D2.274 - Late-onset toxic epidermal necrolysis (TEN) associated with nivolumab: attention to possible cofactors

Poster abstract

Background

Toxic epidermal necrolysis (TEN) is a severe, rare, and potentially fatal skin reaction, most commonly induced by drugs such as antibiotics, anticonvulsants, or nonsteroidal anti-inflammatory drugs (NSAIDs). Recently, associations with immune checkpoint inhibitors (ICIs), such as nivolumab, have been described, although exceptionally. TEN related to ICIs may within first weeks or very late, with latencies from days to over 100 weeks; cases of very late onset are rarely reported.

Method

We present a 68-year-old female with clear cell renal carcinoma treated with nivolumab. Initially, she received biweekly doses for one year (2022–2023), developing blistering lesions on hands, feet, and one lower limb approximately one week after each dose, which resolved after topical silver treatment. 

In December 2024, nivolumab resumed monthly. After the second and third doses, lesions recurred, partially responsive to corticosteroids and silver. Last dose: June 16, 2025. On July 17, after a CT scan with iodinated contrast, lesions generalized with intense pruritus; intercurrent etoricoxib use noted. The patient had two severe hospital admissions:

- September 2025: involvement of 70% body surface area (BSA), oral and vaginal mucosa involved, Nikolsky positive, requiring burn unit admission.

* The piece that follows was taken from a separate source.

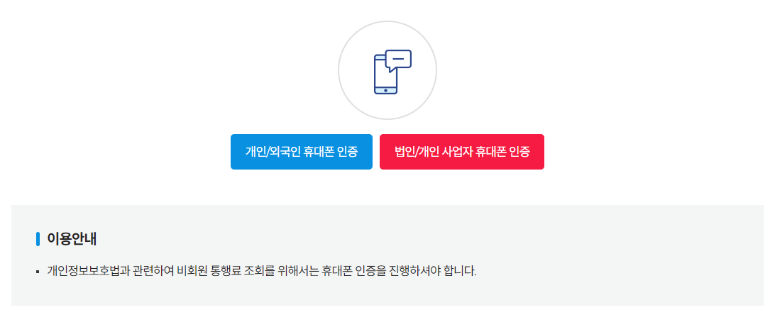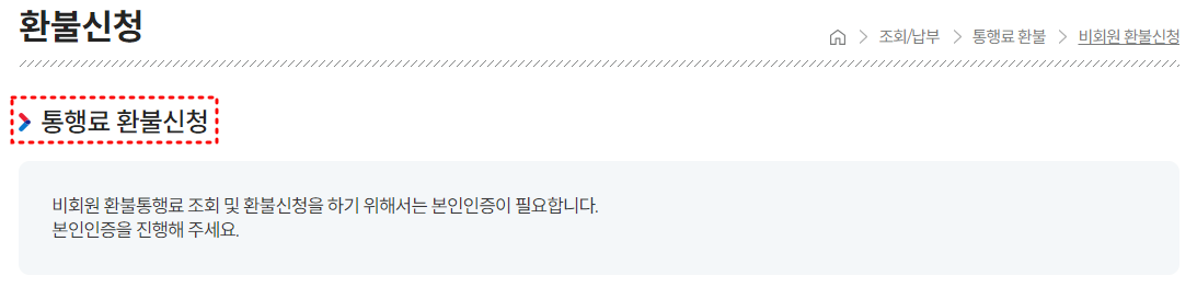 위와 같이 굳이 회원가입을 하지 않더라도, 개인 본인인증을 통해서 비회원 상태로 고속도로 통행료 환불신청을 진행할 수 있습니다.
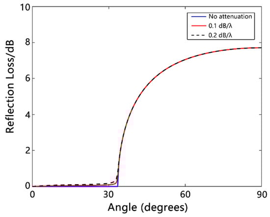 Figure 7 shows the graph of bottom reflection loss versus grazing angle for different seafloor acoustic attenuation values based on the liquid half-space seafloor model. The simulation parameters of the model were as listed below: seawater sound velocity = 1500 m/s; seawater density = 1.0 g/cm3; seafloor sound velocity = 1800 m/s; seafloor sound attenuation values = 0, 0.1, and 0.2; seafloor density = 2.0 g/cm3; and computing frequency = 1000 Hz.

- November 2025: 25–30% BSA, milder episode. 

Punch skin biopsies, histopathology study, direct immunofluorescence, skin tests, and lymphocyte activation tests (LAT) against nivolumab, iodinated contrast, and parecoxib were performed.

Results

- Analytical tests: normal leukocytes and eosinophils, normal renal and hepatic function, slightly elevated inflammatory markers with no evidence of systemic infection.

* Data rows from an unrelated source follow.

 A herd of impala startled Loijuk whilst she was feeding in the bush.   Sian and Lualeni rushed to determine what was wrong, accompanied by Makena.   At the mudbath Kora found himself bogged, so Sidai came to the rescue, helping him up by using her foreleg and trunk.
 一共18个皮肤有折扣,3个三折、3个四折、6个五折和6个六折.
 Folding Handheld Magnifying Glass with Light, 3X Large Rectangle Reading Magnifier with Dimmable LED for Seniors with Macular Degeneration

- Biopsies: subepidermal blister with epidermal necrosis and eosinophils in the dermis, consistent with TEN. Immunofluorescence: nonspecific deposits, ruling out an autoimmune process.

- Prick test and intradermal reaction: negative for iodinated contrast media (gadovist, xenetix, iomeprol, omnipaque, ultravist). 

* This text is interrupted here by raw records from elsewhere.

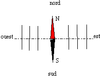 Une aiguille aimantée SN mobile autour d'un axe verticale est placée au centre d'un solénoïde. L'axe du solénoïde est perpendiculaire au plan du méridien magnétique terrestre du lieu. ![]()
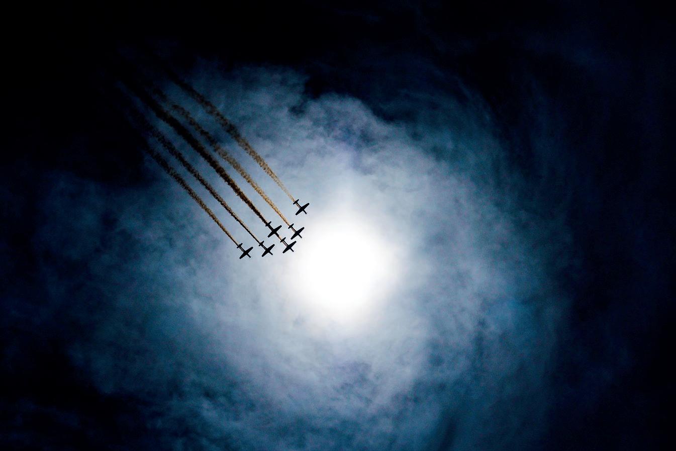 A FAB realizou, nesta quinta (20), na Base Aérea de Brasília, a cerimônia alusiva ao sesquicentenário de Santos Dumont, Pai da Aviação e Patrono da Aeronáutica, com show da Esquadrilha da Fumaça | @ricardostuckert
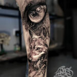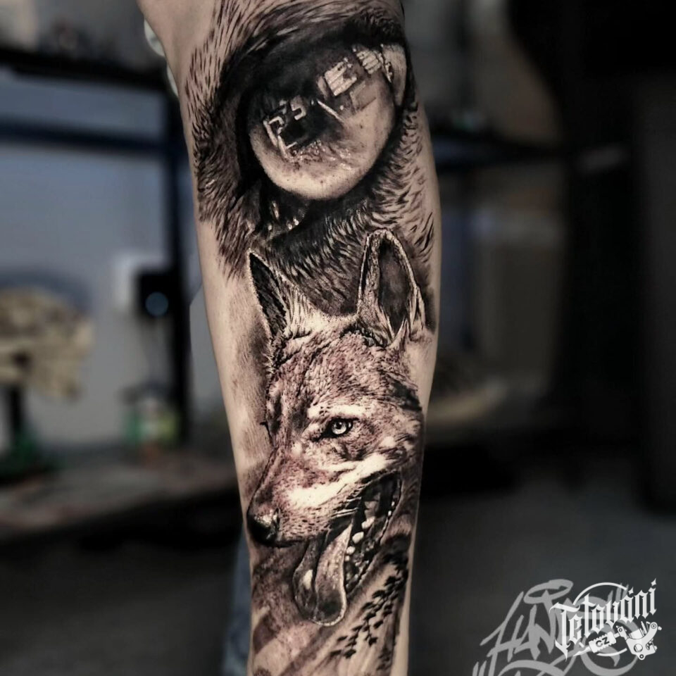 Tetování zvíře, hlava vlka a oko na lýtku
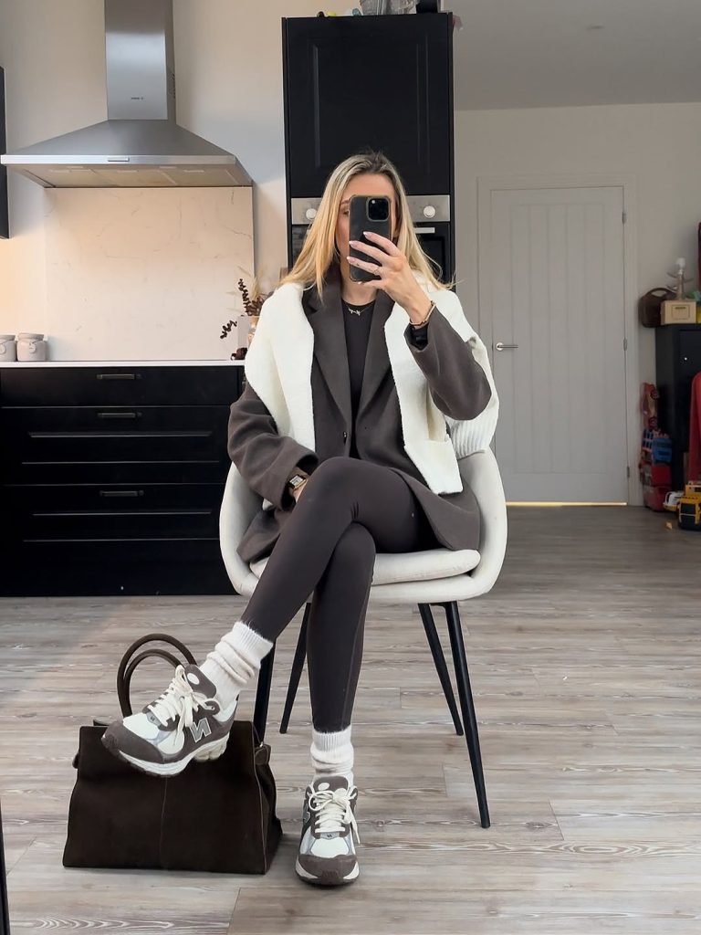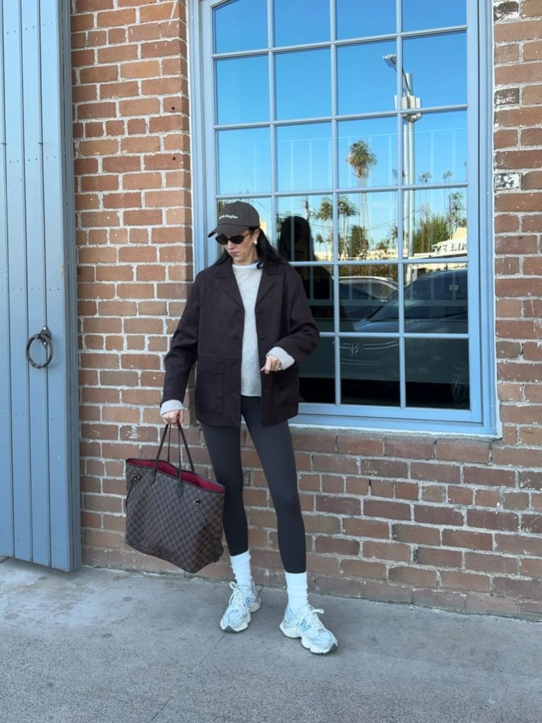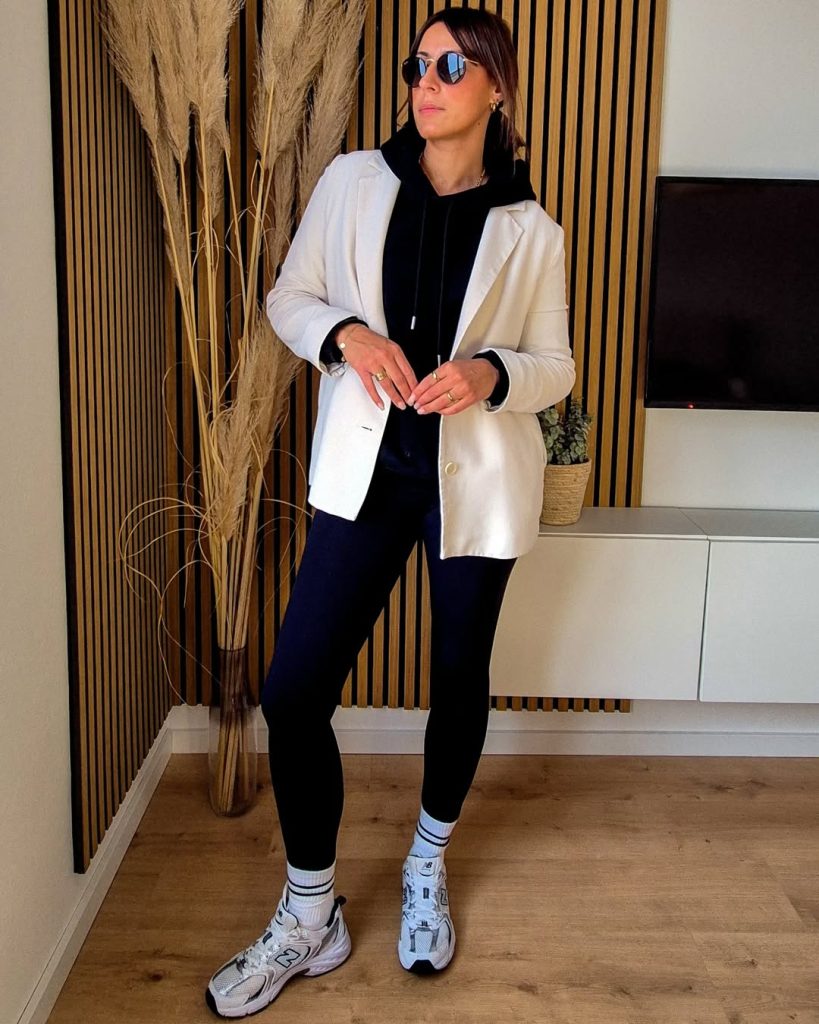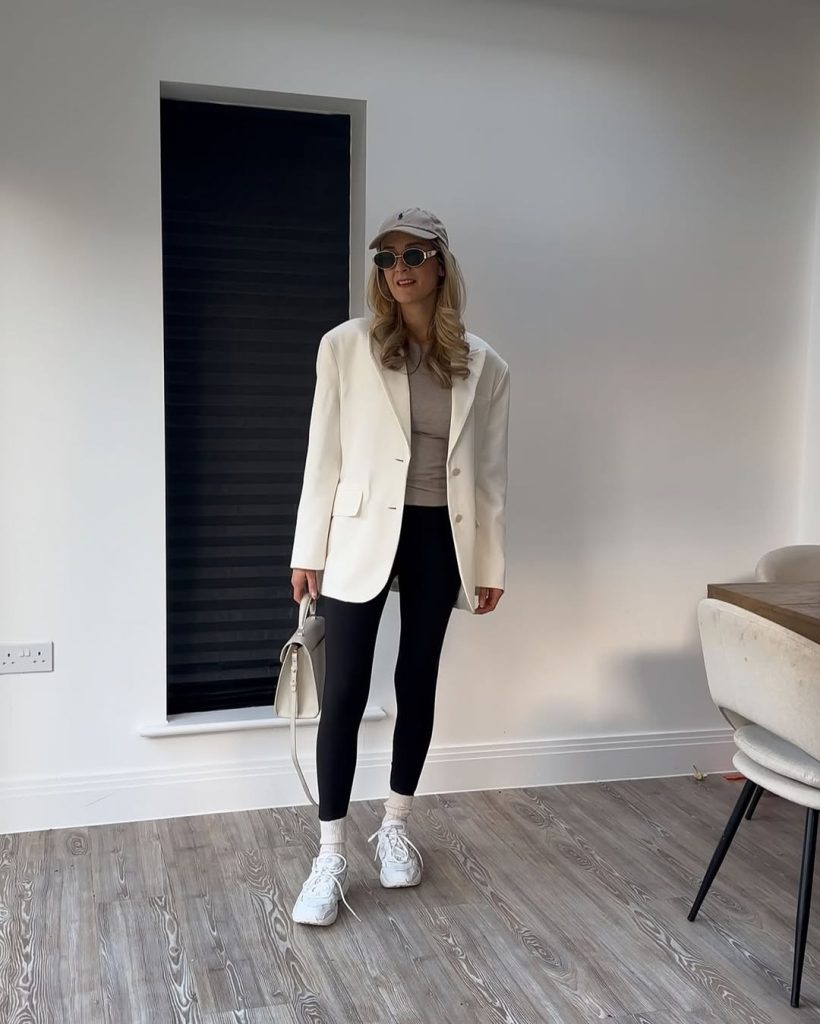 This look blends structure and comfort, proving that leggings can easily cross into casual work territory with the right layers. The contrast between tailored and relaxed pieces feels modern and intentional.

- LAT: negative for contrast media and parecoxib; positive for nivolumab.

Given these findings, strict avoidance of nivolumab was recommended.

Conclusion

TEN associated with ICIs can occur very late, highlighting the need for prolonged monitoring. Cofactors such as iodinated contrast media and NSAIDs such as etoricoxib can precipitate severe exacerbations. Allergy testing and discontinuation of the causative drug are key to preventing potentially fatal recurrences.